-- Material supplied follows --

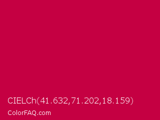 CIELCh 41.632,71.202,18.159 Color is a normal rose color and the nearest color is Spanish Carmine #d10047. Hex code #c50042 and RGB value is rgb(197,0,66). In RGB color space, this color is composed of 77% red, 0% green, 26% blue, In CMYK color space, this color is composed of 0% cyan, 100% magenta, 66% yellow , 23% black , In HSL color space, this color has a hue angle of 340° , 100% saturation and 39% lightness.
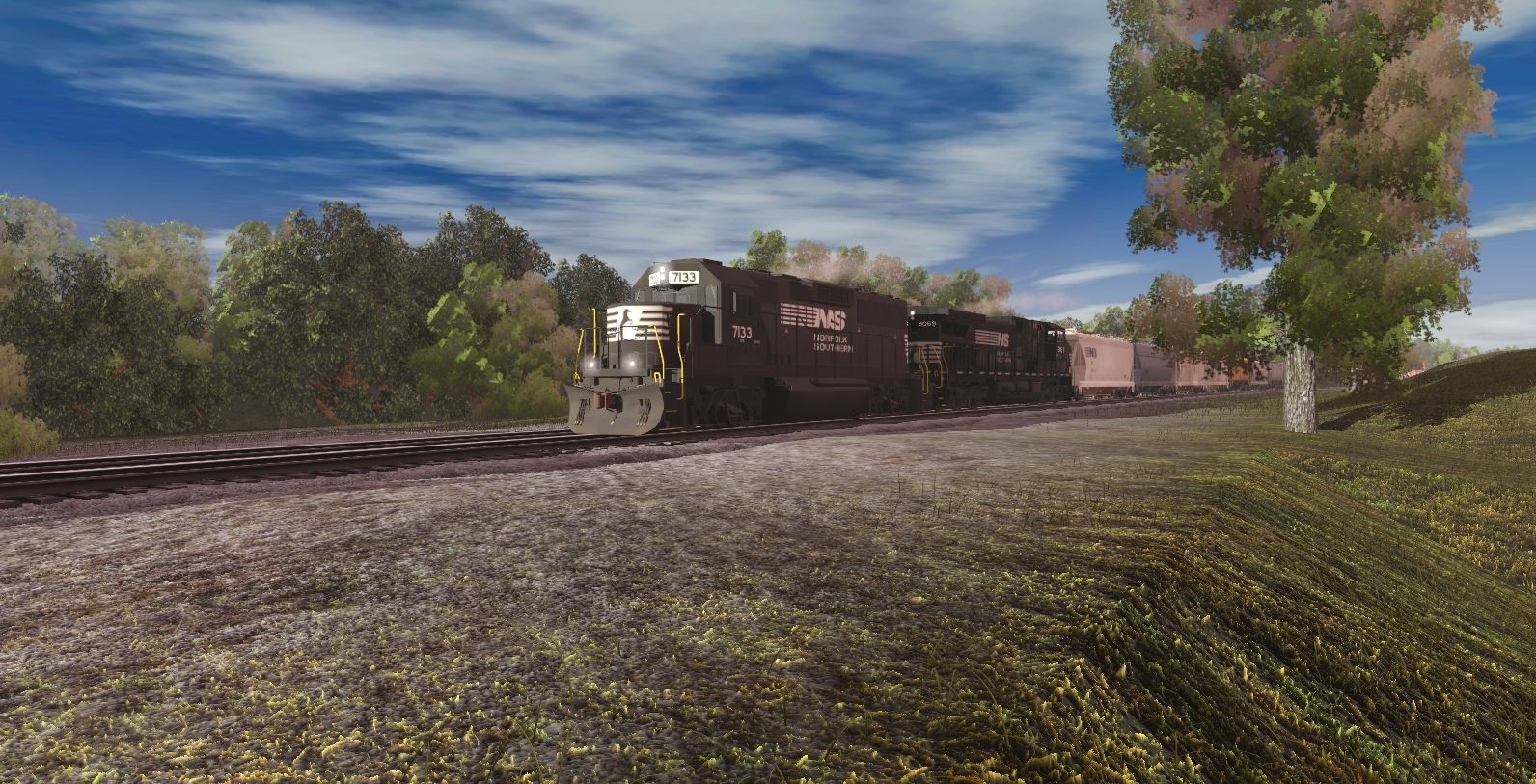 Tags: Trainz Railroad Simulator 2019, Norfolk Southern Opeya District, EMD GP60 NS #7133, NS C40-9W, NS Centerflow Hopper #244310, NS Centerflow Hopper #850149, NS Centerflow Hopper #840886, NS Centerflow Hopper #291366, LR AOK 181980, JRPX ACF Centerflow 4 Bay, JRPX LO 4750 3 bay, NDYX 475227 Trinity 3 Bay Hopper, Centerbeam FleXibeam™ Hybrid BNSF green DES
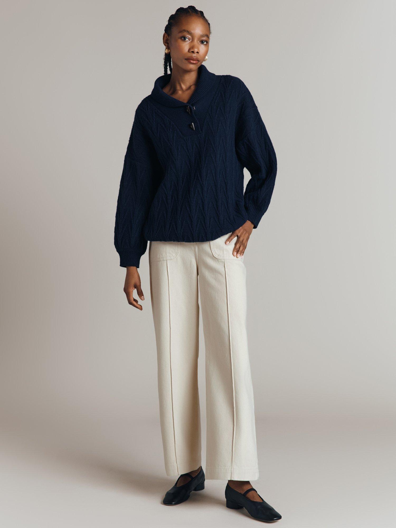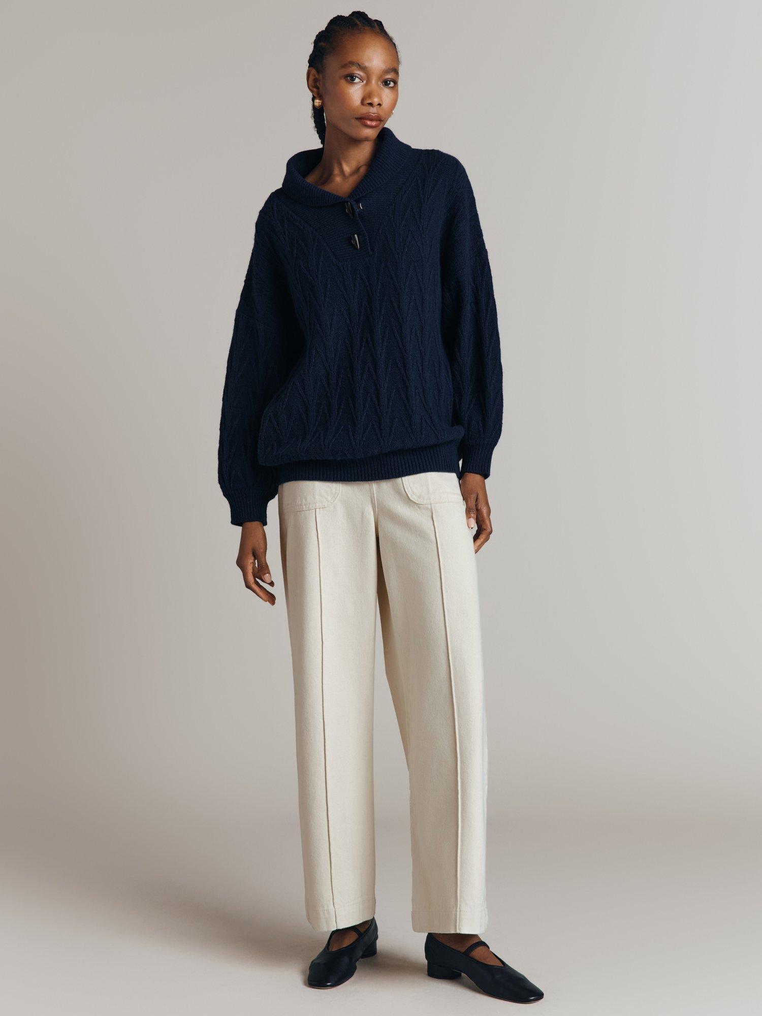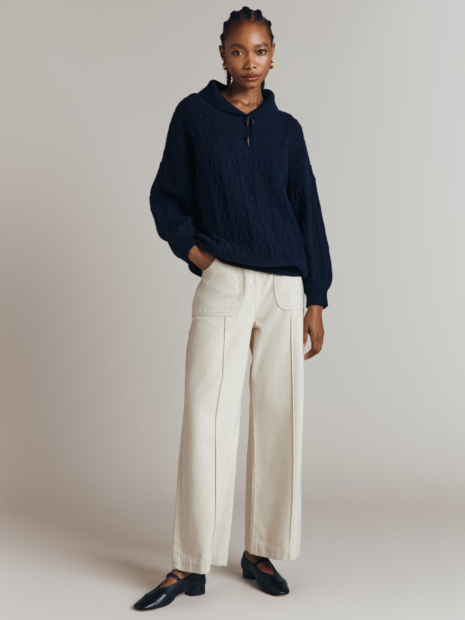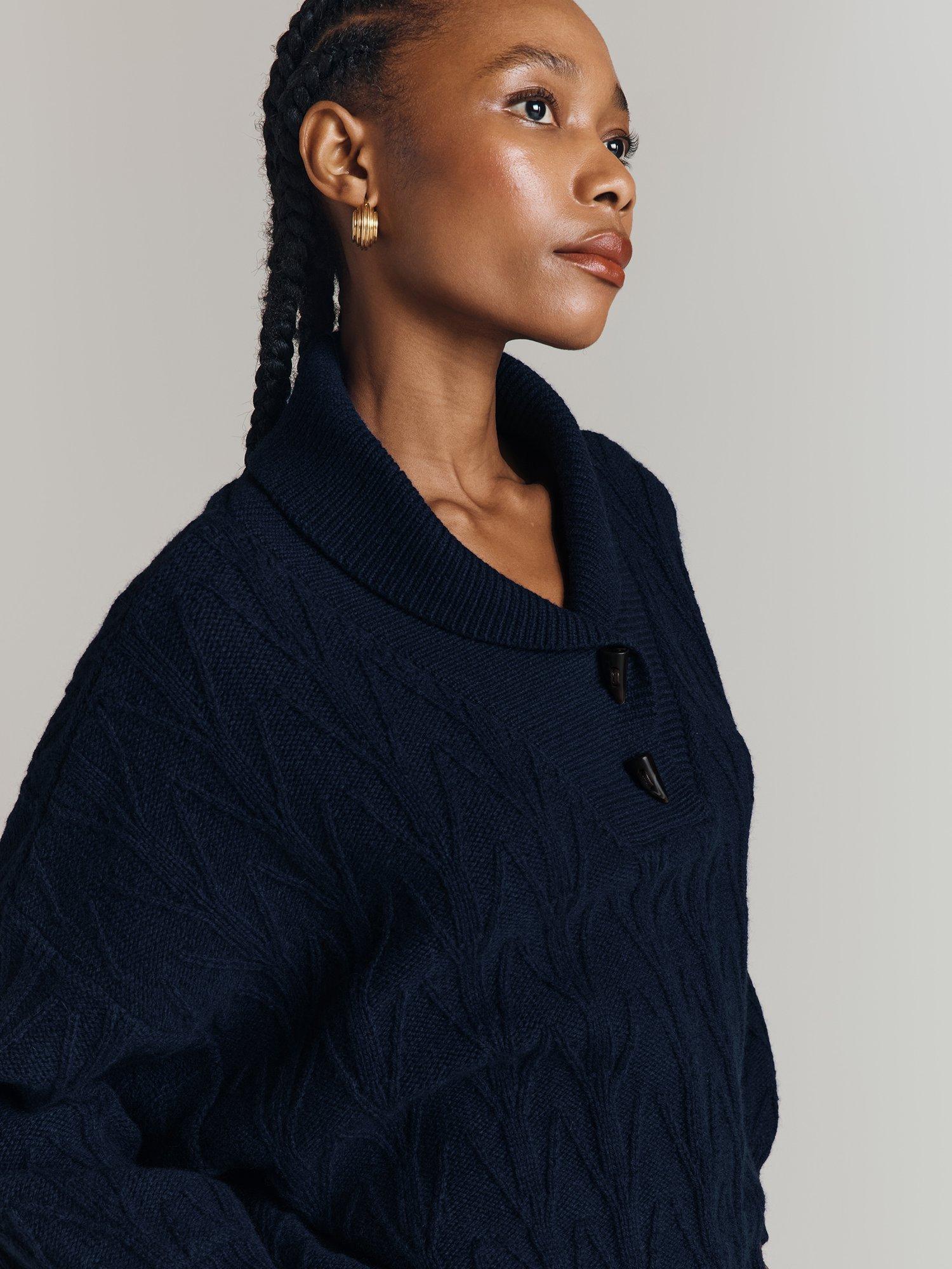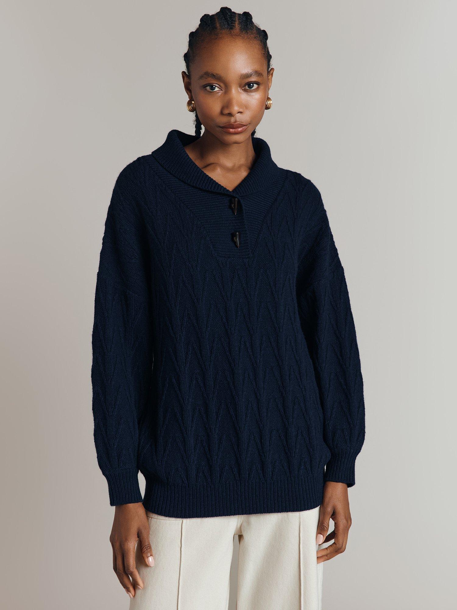 With a toggled neckline, this oversized textured jumper from Ghost is a fine match for grey skies in a warming woollen blend.
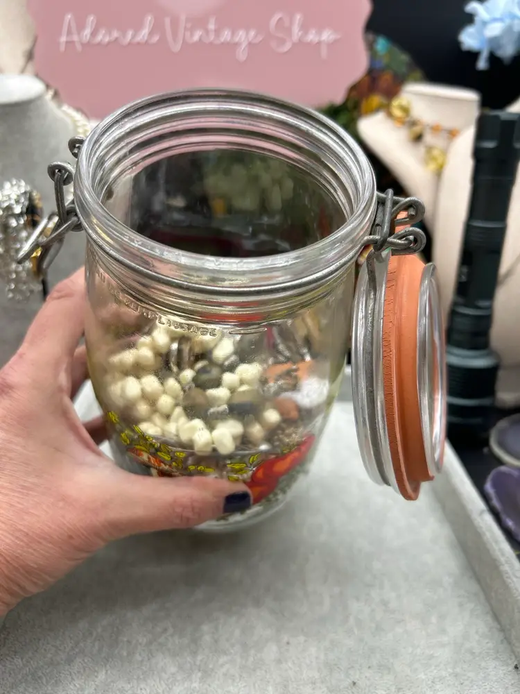 Charming vintage Le Parfait French glass canning jar featuring a colorful mushroom and tomato motif, filled with a curated mix of vintage to modern wearable jewelry. Each jar is a treasure trove of sparkle and surprise — perfect for collectors, resellers, or anyone who loves the thrill of discovery. Display it as vintage kitchen décor or dive in and enjoy the jewelry inside — a true blend of French charm and jewelry joy!
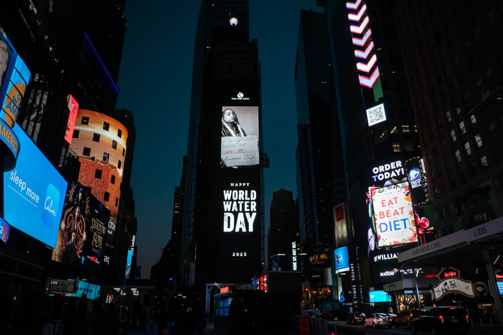 Ausrufezeichen: Das Viva con Agua-Statement #WaterIsAHumanRight erleuchtet am Times Square – ermöglicht durch engagierte Supporter von Viva con Agua
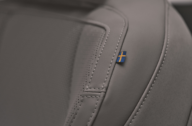 ▲2970mmというロングホイールベースやフラットなフロアを活かして、広々とした後席足もと空間を確保。シート仕様にはリサイクル素材を使用したテキスタイルなど多彩な表皮を用意する。前席にはスウェーデン国旗のタグを付ける

-- Material supplied concluded --

• _Work to complete_
The lines from the start of the records above through the line that holds "Tags: Trainz Railroad" are to be copied exactly, both ends included, and no pictures are to be copied.

• _Response_
 CIELCh 41.632,71.202,18.159 Color is a normal rose color and the nearest color is Spanish Carmine #d10047. Hex code #c50042 and RGB value is rgb(197,0,66). In RGB color space, this color is composed of 77% red, 0% green, 26% blue, In CMYK color space, this color is composed of 0% cyan, 100% magenta, 66% yellow , 23% black , In HSL color space, this color has a hue angle of 340° , 100% saturation and 39% lightness.
 Tags: Trainz Railroad Simulator 2019, Norfolk Southern Opeya District, EMD GP60 NS #7133, NS C40-9W, NS Centerflow Hopper #244310, NS Centerflow Hopper #850149, NS Centerflow Hopper #840886, NS Centerflow Hopper #291366, LR AOK 181980, JRPX ACF Centerflow 4 Bay, JRPX LO 4750 3 bay, NDYX 475227 Trinity 3 Bay Hopper, Centerbeam FleXibeam™ Hybrid BNSF green DES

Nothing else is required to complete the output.